◆ **Study material**
━━━━
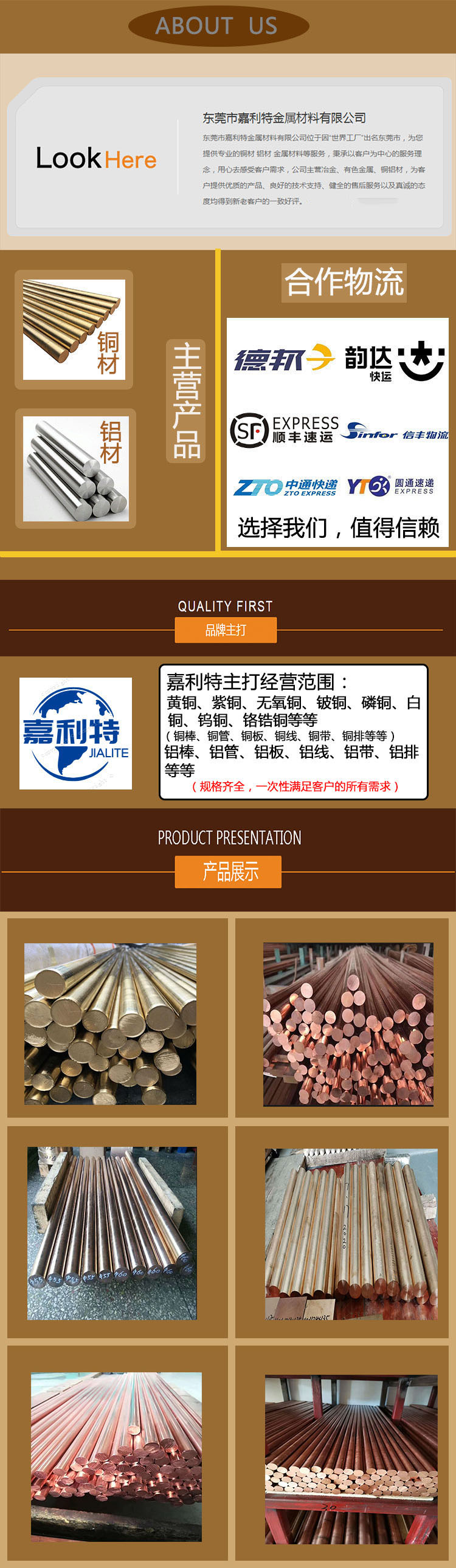 東莞市嘉利特金屬材料有限公司位于因“世界工廠”出名東莞市,為您提供專業(yè)的銅材 鋁材 金屬材料等服務,秉承以客戶為中心的服務理念,用心去感受客戶需求,公
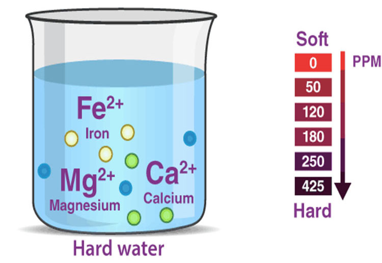 The hardness of water is the amount of salts dissolved in the water, namely the amount of calcium salt and magnesium salt. The higher content is harder and vice versa.
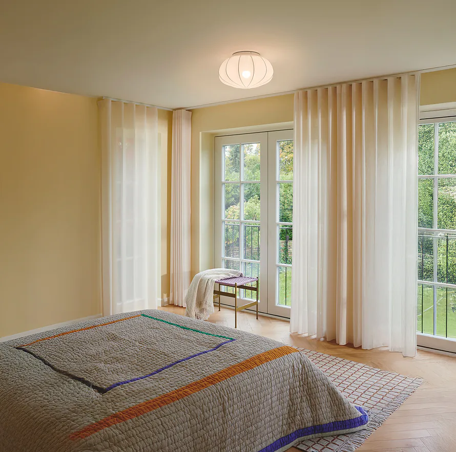 Vzdušné stropní svítidlo Aeron 40 od Nordluxu je ideálním doplňkem pro vytvoření útulné a klidné atmosféry. Díky jemné látce, natažené přes kovovou konstrukci, do místnosti vysílá tlumené světlo. Ideálně tak osvětlí například vaši ložnici. Svítidlo si navíc velmi jednoduše sami sestavíte pomocí drátů a vestavěné stahovací šňůrky.
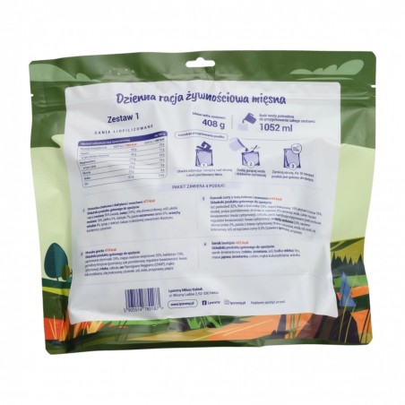 Racja żywnościowa Lyommy — zestaw nr 1 to gotowy, 24-godzinny posiłek stworzony dla najbardziej wymagających użytkowników jak fani bushcraftu, survivalu, trekkingu czy też prepperingu. Pakiet obejmuje aż trzysycące posiłkimięsne oraz deser, stanowiąc solidny fundament energetyczny w sytuacjach awaryjnych lub podczas długich wycieczek i wypadów w las. Dzięki procesowi liofilizacji dania są niezwykle lekkie i kompaktowe i nie tracą pełni smaku oraz wartości odżywczych. Długi termin przydatności i błyskawiczne przygotowanie przy użyciu wody czynią z niej niezawodny element Twojej strategii bezpieczeństwa.
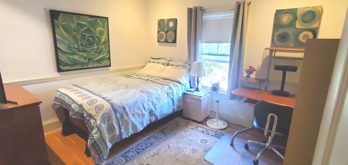 Forget your worries in this spacious and serene space with adjustable board spring,A)C in each room, locks in each room, 4 mins walk to Quincy Adam Tstation and 0mins to the bus stop -238. Host LIVES OUTSIDE THE PROPERTY/different location.
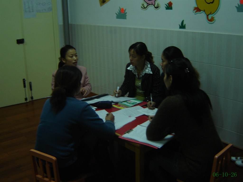 新学期、新挑战,龙幼教师在课堂教学实践中不断反思,不断成长。10月26日,我们小班教研组又开展教师“一课多磨”的课堂教学展评活动,上午10:05,樊静娟老师向我们展示了小班语言活动:《小猪变干净了》。 窗外,秋雨绵绵,带着丝丝凉意,而小三班的活动室却是热闹非凡,宝宝们一会儿模仿小动物走,一会儿学学小动物的对话……在听一听、说一说、学一学中宝宝们懂得了要做个爱清洁、讲卫生的好孩子。活动结束后,我们教研组全体成员围在一起,各抒己见,对本次磨课活动进行点评。 通过这样的磨课活动,让我们教研组的教师在实践中磨炼,逐步提高自己备课、上课的能力,改善自己的教学策略,从而使自己的教学水平更上一个新台阶。 2006年10月27日
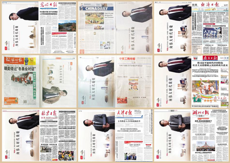 《人民日报》等十大全国核心媒体同时刊出TCL“向伟大时代致敬”的号召
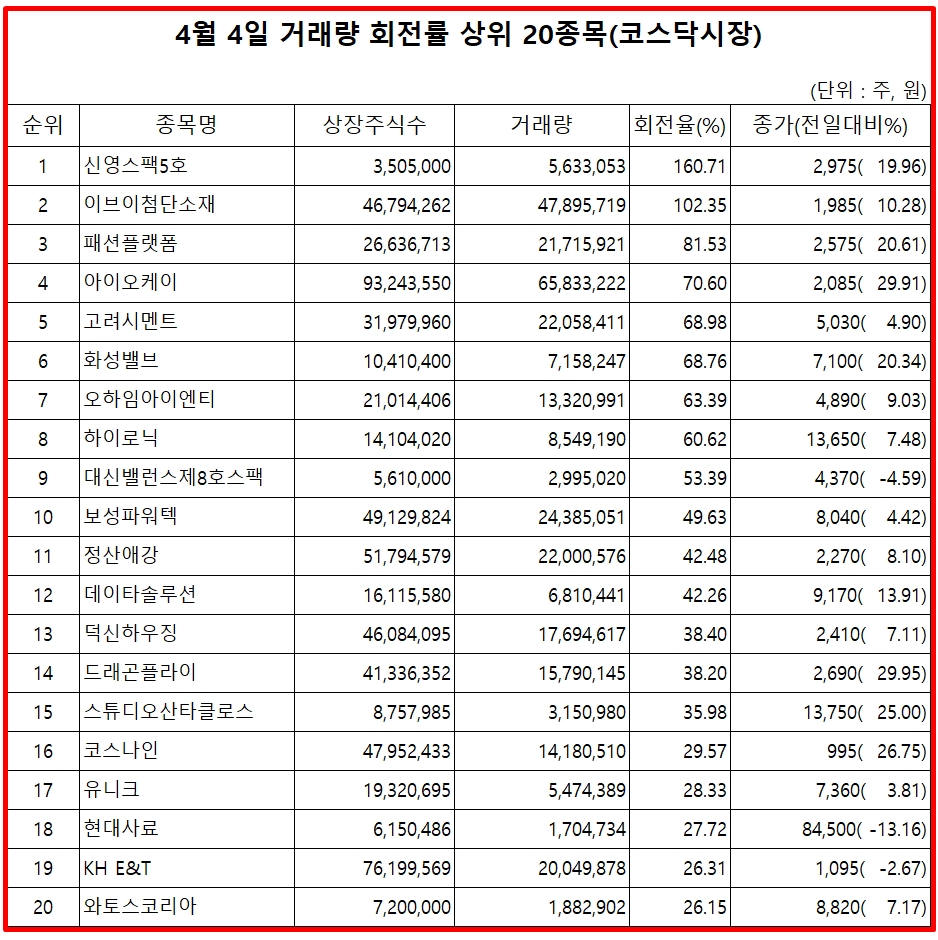 4일 코스닥 시장에서 거래량 회전률 상위 종목은 다음과 같다.
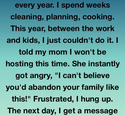 I host Christmas every year. I clean for weeks, plan menus, map out oven schedules, and wear a permanent dusting of flour by mid-December. This year, between my full-time job, the kids’ school chaos, and the house never staying clean for more than ten minutes, I hit a wall. I called my mom and said, as calmly as I could, that I wouldn’t be hosting.
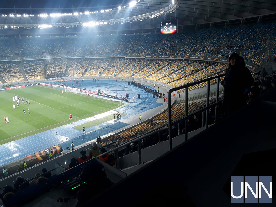 Одна из групп  фанатов "Динамо" в течение первых 30 минут первого тайма матча 6-го тура группового этапа Лиги Европы "Динамо" - "Партизан" активно подрывала запрещенные на стадионе петарды.
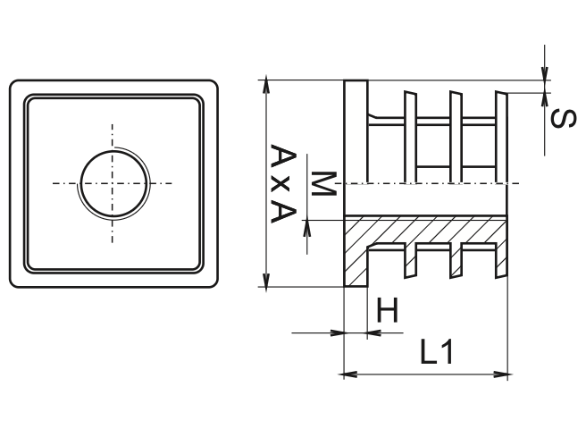 | QAF 50x50 | Černá | PE | M10 | 7 | 50x50 | 37 |
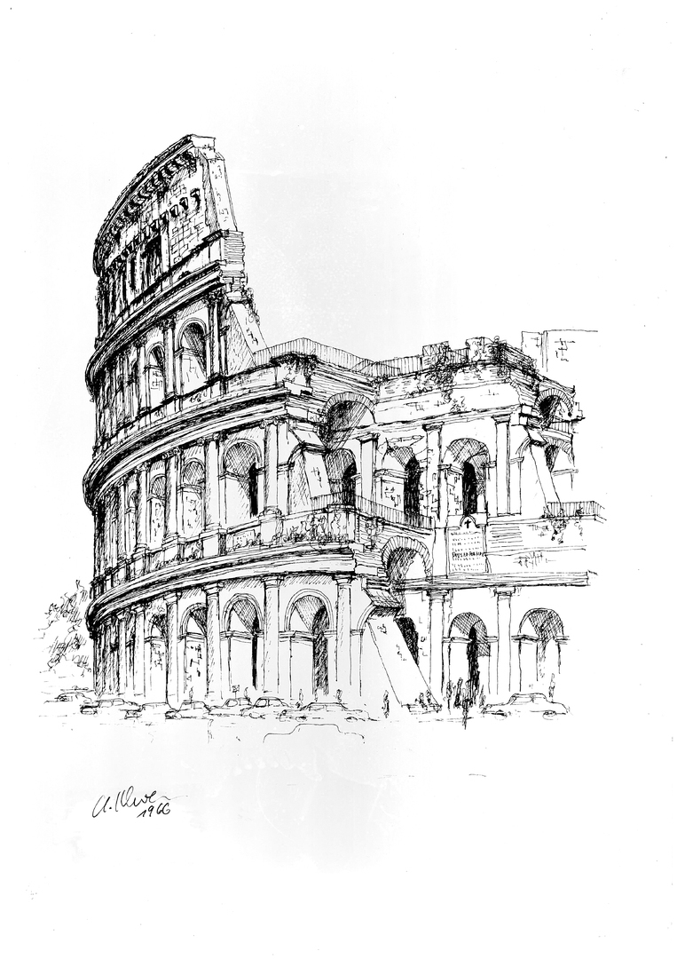 Colloseum in Rom - 1966 - Tuschezeichnung vor Ort,
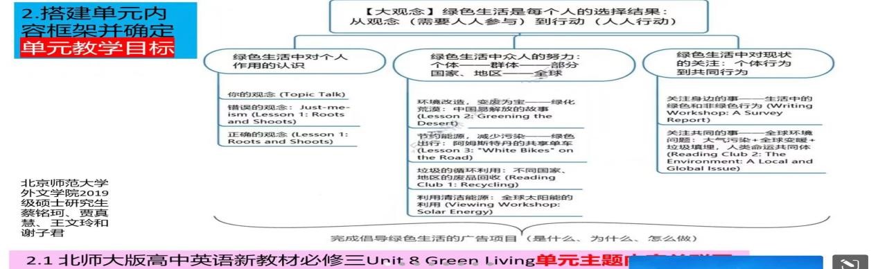 教师在进行备课时,需要从课程大观念出发,明确单元设计的指导思想,理清单元教学的核心理念,基于大观念对单元内课时目标进行整体规划,基于规划设计各语篇的教学活动,从而引导员工从不同侧面探究主题意义并建构小观念,最终形成单元大观念。王老师还强调要同步拟定课堂评价的方式和具体的评价要点,推进教、学、评一体化。
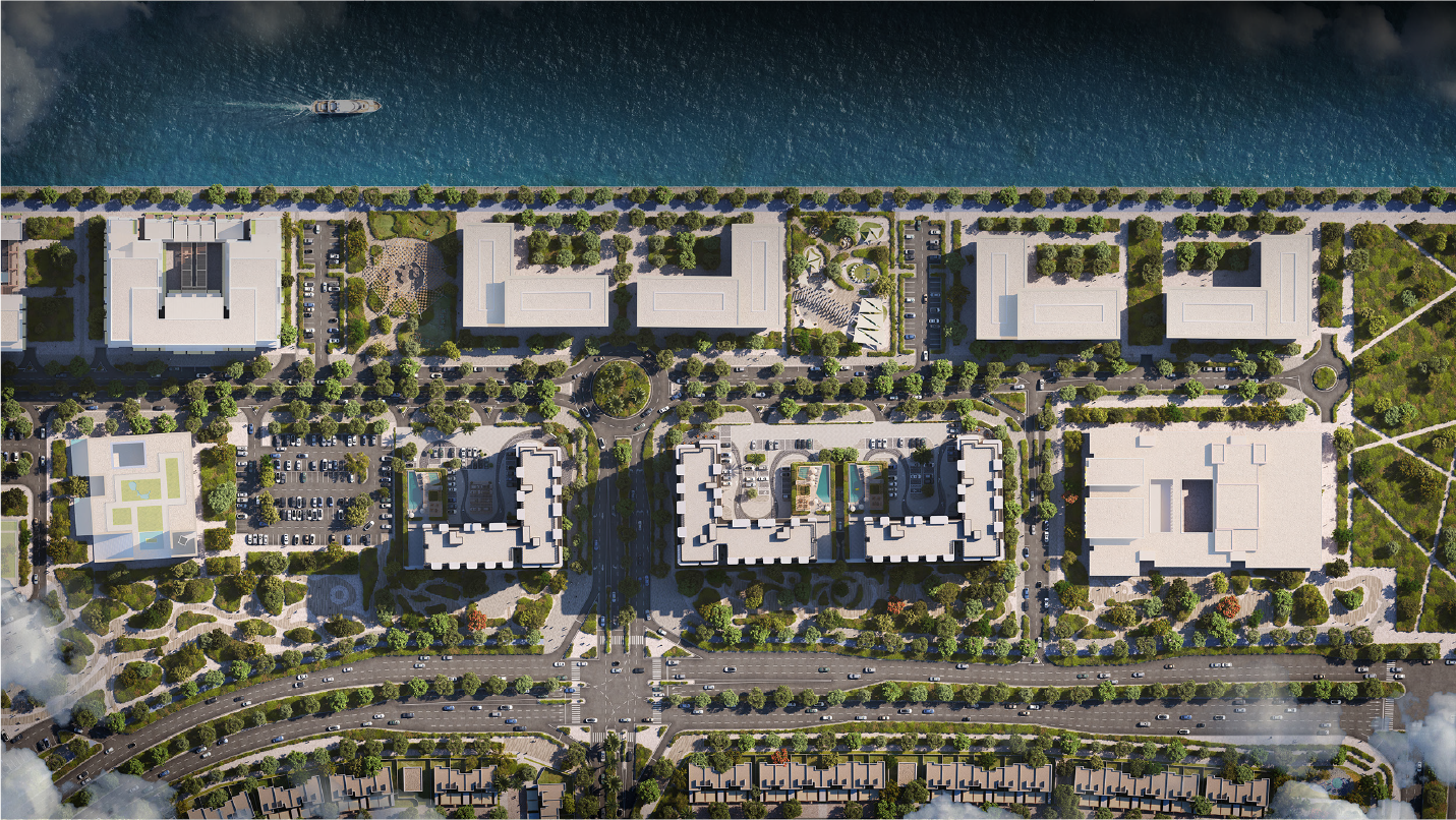 The clean and modern buildings line the canal and landscaped courtyards. The ground levels are lively, featuring lounges and entrances to various amenities, while shaded areas and plantings help maintain a comfortable microclimate. Each building serves as a small community, with access controlled for residents and their guests.
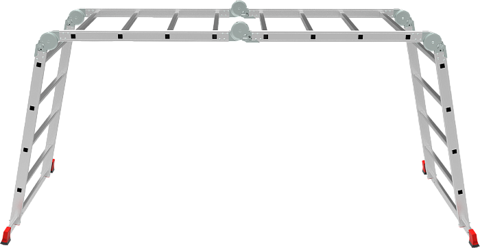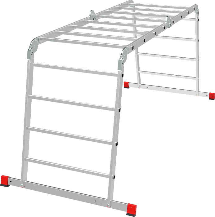 Профессиональная многофункциональная шарнирная лестница "4 в 1": приставная, Г-образная с опорой на стену, двухсторонняя стремянка, помост. Больше пространства для свободы перемещений. Используется как рабочий стол.
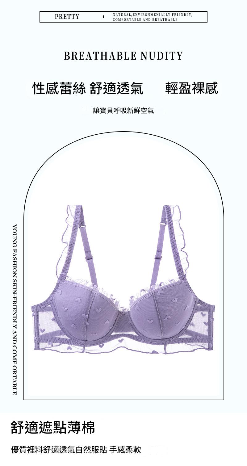WLMZ113100117 性感蕾絲內衣女夏季薄款軟鋼圈法式內衣大胸顯小防下垂文胸罩
━━━━
◆ **Task**
Leave out the pictures and repeat everything else in the records exactly.

◆ **Answer box**
 東莞市嘉利特金屬材料有限公司位于因“世界工廠”出名東莞市,為您提供專業(yè)的銅材 鋁材 金屬材料等服務,秉承以客戶為中心的服務理念,用心去感受客戶需求,公
 The hardness of water is the amount of salts dissolved in the water, namely the amount of calcium salt and magnesium salt. The higher content is harder and vice versa.
 Vzdušné stropní svítidlo Aeron 40 od Nordluxu je ideálním doplňkem pro vytvoření útulné a klidné atmosféry. Díky jemné látce, natažené přes kovovou konstrukci, do místnosti vysílá tlumené světlo. Ideálně tak osvětlí například vaši ložnici. Svítidlo si navíc velmi jednoduše sami sestavíte pomocí drátů a vestavěné stahovací šňůrky.
 Racja żywnościowa Lyommy — zestaw nr 1 to gotowy, 24-godzinny posiłek stworzony dla najbardziej wymagających użytkowników jak fani bushcraftu, survivalu, trekkingu czy też prepperingu. Pakiet obejmuje aż trzysycące posiłkimięsne oraz deser, stanowiąc solidny fundament energetyczny w sytuacjach awaryjnych lub podczas długich wycieczek i wypadów w las. Dzięki procesowi liofilizacji dania są niezwykle lekkie i kompaktowe i nie tracą pełni smaku oraz wartości odżywczych. Długi termin przydatności i błyskawiczne przygotowanie przy użyciu wody czynią z niej niezawodny element Twojej strategii bezpieczeństwa.
 Forget your worries in this spacious and serene space with adjustable board spring,A)C in each room, locks in each room, 4 mins walk to Quincy Adam Tstation and 0mins to the bus stop -238. Host LIVES OUTSIDE THE PROPERTY/different location.
 新学期、新挑战,龙幼教师在课堂教学实践中不断反思,不断成长。10月26日,我们小班教研组又开展教师“一课多磨”的课堂教学展评活动,上午10:05,樊静娟老师向我们展示了小班语言活动:《小猪变干净了》。 窗外,秋雨绵绵,带着丝丝凉意,而小三班的活动室却是热闹非凡,宝宝们一会儿模仿小动物走,一会儿学学小动物的对话……在听一听、说一说、学一学中宝宝们懂得了要做个爱清洁、讲卫生的好孩子。活动结束后,我们教研组全体成员围在一起,各抒己见,对本次磨课活动进行点评。 通过这样的磨课活动,让我们教研组的教师在实践中磨炼,逐步提高自己备课、上课的能力,改善自己的教学策略,从而使自己的教学水平更上一个新台阶。 2006年10月27日
 《人民日报》等十大全国核心媒体同时刊出TCL“向伟大时代致敬”的号召
 4일 코스닥 시장에서 거래량 회전률 상위 종목은 다음과 같다.
 I host Christmas every year. I clean for weeks, plan menus, map out oven schedules, and wear a permanent dusting of flour by mid-December. This year, between my full-time job, the kids’ school chaos, and the house never staying clean for more than ten minutes, I hit a wall. I called my mom and said, as calmly as I could, that I wouldn’t be hosting.
 Одна из групп  фанатов "Динамо" в течение первых 30 минут первого тайма матча 6-го тура группового этапа Лиги Европы "Динамо" - "Партизан" активно подрывала запрещенные на стадионе петарды.
 | QAF 50x50 | Černá | PE | M10 | 7 | 50x50 | 37 |
 Colloseum in Rom - 1966 - Tuschezeichnung vor Ort,
 教师在进行备课时,需要从课程大观念出发,明确单元设计的指导思想,理清单元教学的核心理念,基于大观念对单元内课时目标进行整体规划,基于规划设计各语篇的教学活动,从而引导员工从不同侧面探究主题意义并建构小观念,最终形成单元大观念。王老师还强调要同步拟定课堂评价的方式和具体的评价要点,推进教、学、评一体化。
 The clean and modern buildings line the canal and landscaped courtyards. The ground levels are lively, featuring lounges and entrances to various amenities, while shaded areas and plantings help maintain a comfortable microclimate. Each building serves as a small community, with access controlled for residents and their guests.
 Профессиональная многофункциональная шарнирная лестница "4 в 1": приставная, Г-образная с опорой на стену, двухсторонняя стремянка, помост. Больше пространства для свободы перемещений. Используется как рабочий стол.
WLMZ113100117 性感蕾絲內衣女夏季薄款軟鋼圈法式內衣大胸顯小防下垂文胸罩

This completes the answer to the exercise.